Explanation of linear regressions with and without interactions. (A) A linear regression with two variables, age and genotype. The expression level of a hypothetical gene increases by the same amount as worms age, regardless of genotype. However, fog-2(lf) has higher expression of this gene than the wild type at all stages (blue arrow). (B) A linear regression with two variables and an interaction term. In this example, the expression level of this hypothetical gene is different between wild-type worms and fog-2(lf) (blue arrow). Although the expression level of this gene increases with age, the slope is different between wild type and fog-2(lf). The difference in the slope can be accounted for through an interaction coefficient (red arrow).

Figure 4

fog-2(lf) partially phenocopies early aging in C. elegans. The β on each axis is the regression coefficient from the GLM, and can be loosely interpreted as an estimator of the log-fold change. Loss of fog-2 is associated with a transcriptomic phenotype involving 1881 genes. 1040/1881 of these genes are also altered in wild-type worms as they progress from young adulthood to old adulthood, and 905 change in the same direction. However, progression from young to old adulthood in a fog-2(lf) background results in no change in the expression level of these genes. (A) We identified genes that change similarly during feminization and aging.
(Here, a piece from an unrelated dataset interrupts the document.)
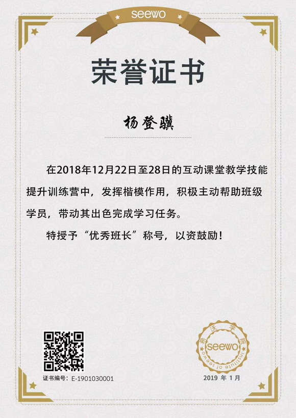 希沃杏壇計劃是希沃教育研究院發起的全國教師信息技術與學科融合能力提升項目,認證為希沃杏壇三星導師,意味著他們成為本區域信息化教學的骨干教師,具備組織培訓的能力。

The correlation between feminization and aging is almost 1:1. (B) Epistasis plot of aging vs. feminization. Epistasis plots indicate whether two genes (or perturbations) act on the same pathway. When two effects act on the same pathway, this is reflected by a slope of –0.5. The measured slope was –0.51 ± 0.01.

Figure 5

Phenotype and GO enrichment of genes involved in the female-like state. (A) Phenotype enrichment analysis. (B) Gene ontology enrichment analysis. Most of the terms enriched in PEA reflect the abundance of ribosomal subunits present in this gene set.

Figure 6

(A) A substrate-dependent model showing how fog-2 promotes sperm generation, whereas aging promotes sperm depletion, leading to entry into the female-like state. Such a model can explain why fog-2 and aging appear epistatic to each other. (B) The complete C. elegans life cycle. Recognized stages of C. elegans are marked by black arrows. States are marked by red arrows to emphasize that at the end of a state, the worm returns to the developmental time point it was at before entering the state. The L2d state is an exception. It is the only stage that does not return to the same developmental time point; rather, the L2d state is a permissive state that allows entry into either dauer or the L3 stage. We have presented evidence of a female-like state in C. elegans. At this point, it is unclear whether the difference between hermaphrodites and females is reversible by males. Therefore, it remains unclear whether it is a stage or a true state.